Security update for xorg-x11-libXt
SUSE Security Update: Security update for xorg-x11-libXt
This is a SUSE Linux Enterprise Server 11 SP1 LTSS roll up update of
xorg-x11-libXt, fixing security issues.
These issues require connection to a malicious X server to trigger the
bugs in client libraries.
* CVE-2013-2002: Buffer overflow in X.org libXt allowed X servers to
cause a denial of service (crash) and possibly execute arbitrary
code via crafted length or index values to the
_XtResourceConfigurationEH function.
* CVE-2013-2005: X.org libXt did not check the return value of the
XGetWindowProperty function, which allowed X servers to trigger use
of an uninitialized pointer and memory corruption via vectors
related to the (1) ReqCleanup, (2) HandleSelectionEvents, (3) ReqTimedOut,
(4) HandleNormal, and (5) HandleSelectionReplies functions.

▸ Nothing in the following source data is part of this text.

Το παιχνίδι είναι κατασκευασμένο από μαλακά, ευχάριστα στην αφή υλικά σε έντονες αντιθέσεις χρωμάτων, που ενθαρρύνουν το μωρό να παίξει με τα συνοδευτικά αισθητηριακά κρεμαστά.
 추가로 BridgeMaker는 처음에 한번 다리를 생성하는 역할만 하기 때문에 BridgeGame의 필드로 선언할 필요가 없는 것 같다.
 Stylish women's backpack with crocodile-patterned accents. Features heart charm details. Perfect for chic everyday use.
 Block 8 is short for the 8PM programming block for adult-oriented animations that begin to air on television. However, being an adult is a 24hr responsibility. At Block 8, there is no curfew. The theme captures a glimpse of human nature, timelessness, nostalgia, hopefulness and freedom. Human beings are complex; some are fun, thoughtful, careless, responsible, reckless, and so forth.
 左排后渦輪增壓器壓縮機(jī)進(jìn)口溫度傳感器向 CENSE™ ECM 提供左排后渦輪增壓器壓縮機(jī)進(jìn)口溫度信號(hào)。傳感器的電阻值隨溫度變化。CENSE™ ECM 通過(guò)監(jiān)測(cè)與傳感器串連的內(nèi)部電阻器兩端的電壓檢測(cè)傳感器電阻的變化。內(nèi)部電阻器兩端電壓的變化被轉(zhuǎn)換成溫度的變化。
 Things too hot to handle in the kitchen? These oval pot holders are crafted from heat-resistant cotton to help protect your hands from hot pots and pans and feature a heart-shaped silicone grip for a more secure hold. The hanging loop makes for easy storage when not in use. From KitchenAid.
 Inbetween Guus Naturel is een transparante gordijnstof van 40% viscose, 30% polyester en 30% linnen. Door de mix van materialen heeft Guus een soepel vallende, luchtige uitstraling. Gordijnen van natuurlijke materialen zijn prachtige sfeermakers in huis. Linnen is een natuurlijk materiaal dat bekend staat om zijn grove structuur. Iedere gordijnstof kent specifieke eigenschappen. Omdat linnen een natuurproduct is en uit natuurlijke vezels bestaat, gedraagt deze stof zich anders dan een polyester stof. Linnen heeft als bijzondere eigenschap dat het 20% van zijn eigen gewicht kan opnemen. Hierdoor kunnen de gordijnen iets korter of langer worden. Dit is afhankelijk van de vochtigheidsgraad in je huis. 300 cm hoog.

Security Issues references:
* CVE-2013-2002
* CVE-2013-2005
Announcement ID: | SUSE-SU-2014:0898-1 |
Rating: | moderate |
References: | #815451 #821670 |
Affected Products: |
An update that fixes two vulnerabilities is now available.
Description:
This is a SUSE Linux Enterprise Server 11 SP1 LTSS roll up update of
xorg-x11-libXt, fixing security issues.
These issues require connection to a malicious X server to trigger the
bugs in client libraries.
* CVE-2013-2002: Buffer overflow in X.org libXt allowed X servers to
cause a denial of service (crash) and possibly execute arbitrary
code via crafted length or index values to the
_XtResourceConfigurationEH function.
* CVE-2013-2005: X.org libXt did not check the return value of the
XGetWindowProperty function, which allowed X servers to trigger use
of an uninitialized pointer and memory corruption via vectors
related to the (1) ReqCleanup, (2) HandleSelectionEvents, (3) ReqTimedOut,
(4) HandleNormal, and (5) HandleSelectionReplies functions.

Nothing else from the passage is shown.